Concepts
Attribution, rightsizing, ceilings — the three ideas that power KubeHero.
KubeHero is built around three ideas. Once you understand these, the rest of the product falls out naturally.
Attribution
Who is spending the money, right now, at pod resolution?
Most K8s cost tools average CPU over 30 seconds or more. KubeHero attaches eBPF probes to the Linux scheduler, which gives us cgroup-accurate per-pod CPU time at 1-second resolution. Noisy neighbors, steal time, and syscall-heavy workloads all appear correctly — without relying on metrics-server.

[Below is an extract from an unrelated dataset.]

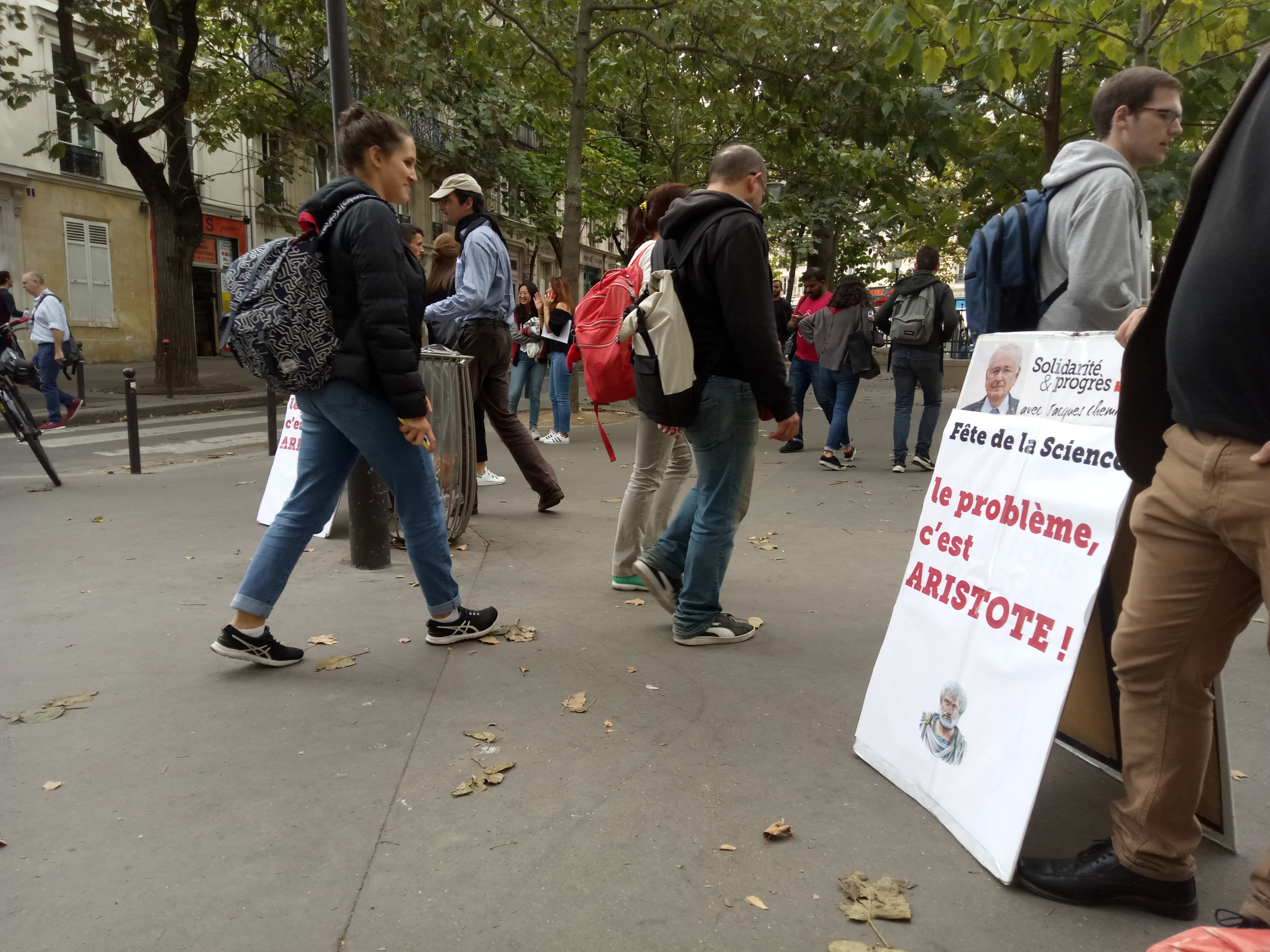« Pourquoi attaquez-vous Aristote ? », « Pourquoi un parti politique s’intéresse-t-il à la pensée philosophique et scientifique ? », « C’est quoi l’empirisme ? », « Pourquoi faites-vous des liens entre la politique, l’art et la science ? »... Un professeur de physique est venu enthousiaste à notre table militante : « Vous avez parfaitement raison ! Savez-vous qui est à l’origine de la pensée binaire ? Aristote ! Le principe de la non-contradiction ! Comment voulez-vous avancer avec cette façon de penser en science, ou même dans un débat ? Je n’arrête pas de le dire à mes collègues chercheurs. »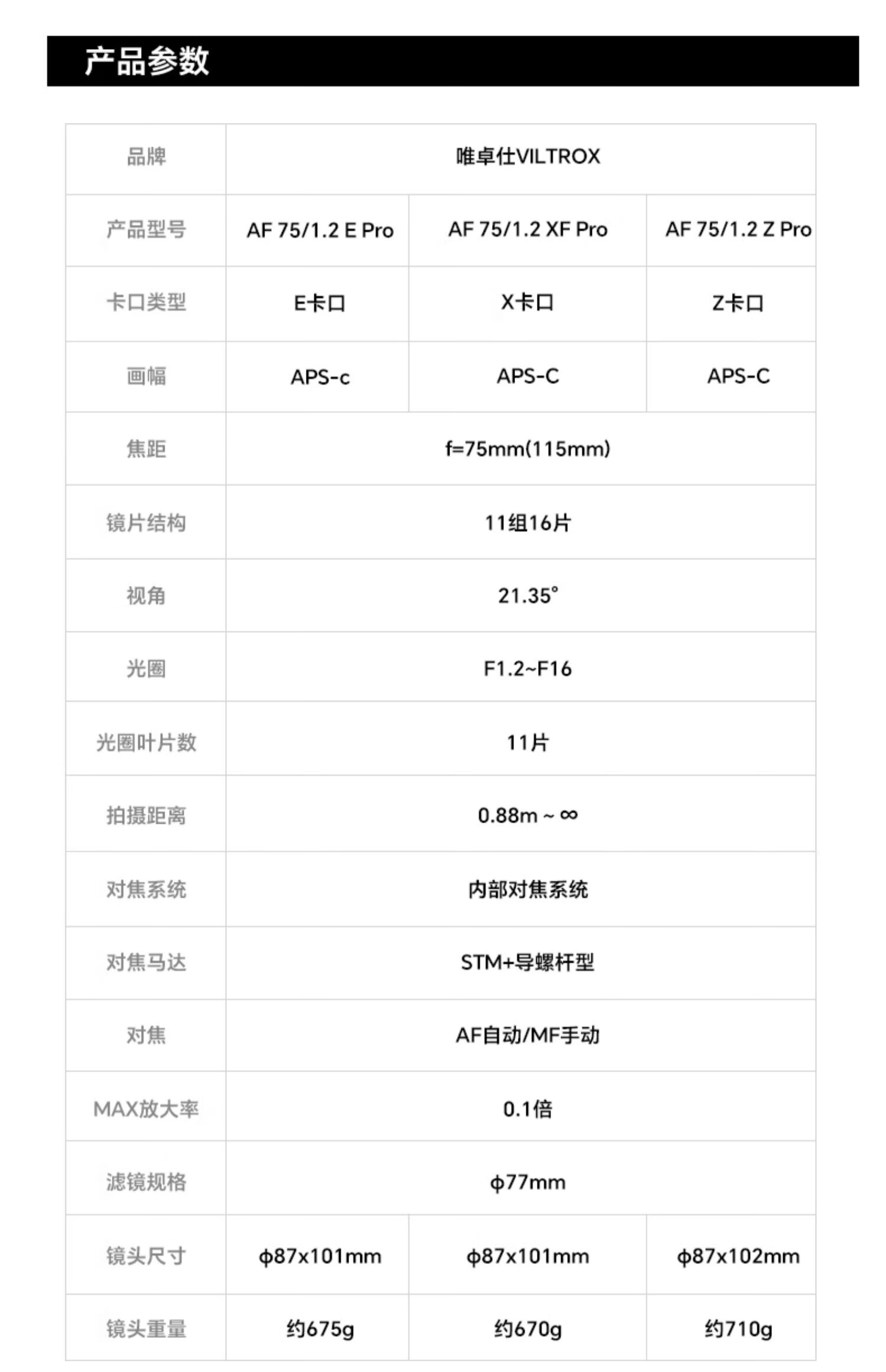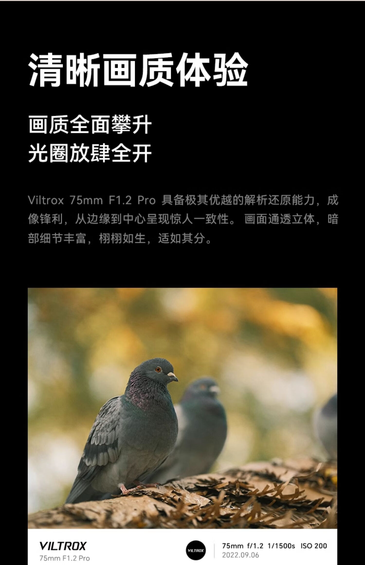 VILTROX 75mm f1.2 Pro fixed focus lens XF/Z/E mount mirrorless camera lens autofocus VILTROX large aperture portrait lens 75 1.2 imaging store Fuji X mount

Each 1-second sample carries: pod UID, CPU millicores, memory bytes, GPU utilization, and the node it ran on. That maps to a cost-per-pod-per-second using the pricing engine's normalized SKU table.
Rightsizing
What's the smallest safe config that still honors my SLOs?
Rightsizing is a statistical decision, not a heuristic. KubeHero tracks the p95 of each workload's actual use over a configurable observation window (default 14 days) and proposes a new request that leaves a configurable headroom (default 40%). The recommendation ships with an exact YAML patch and a dry-run preview.
Three modes, set via RightsizingPolicy.spec.mode:
- recommend — surfaces suggestions, never mutates anything
- shadow — mutates a shadow copy of the resource for comparison, no production effect
- apply — mutates the real resource, bounded by
safety.maxChangePerDay
Ceilings
When spend runs away faster than humans can react, what should happen automatically?
A BudgetPolicy sets a declarative spending limit (e.g. $100k/month for all env=prod clusters). A CeilingPolicy references it and defines what to do when the burn rate crosses a threshold — cap HPAs, evict low-priority pods, cordon burst pools. Each step waits a configurable delay before the next runs.
humanArm: true is the default. Nothing fires until an operator arms it from the dashboard or CLI. This is intentional — we optimize for operators not getting fired, not for magical self-healing.
Every action is reversible within the cooldown window. kubehero undo <audit-id> restores the original state.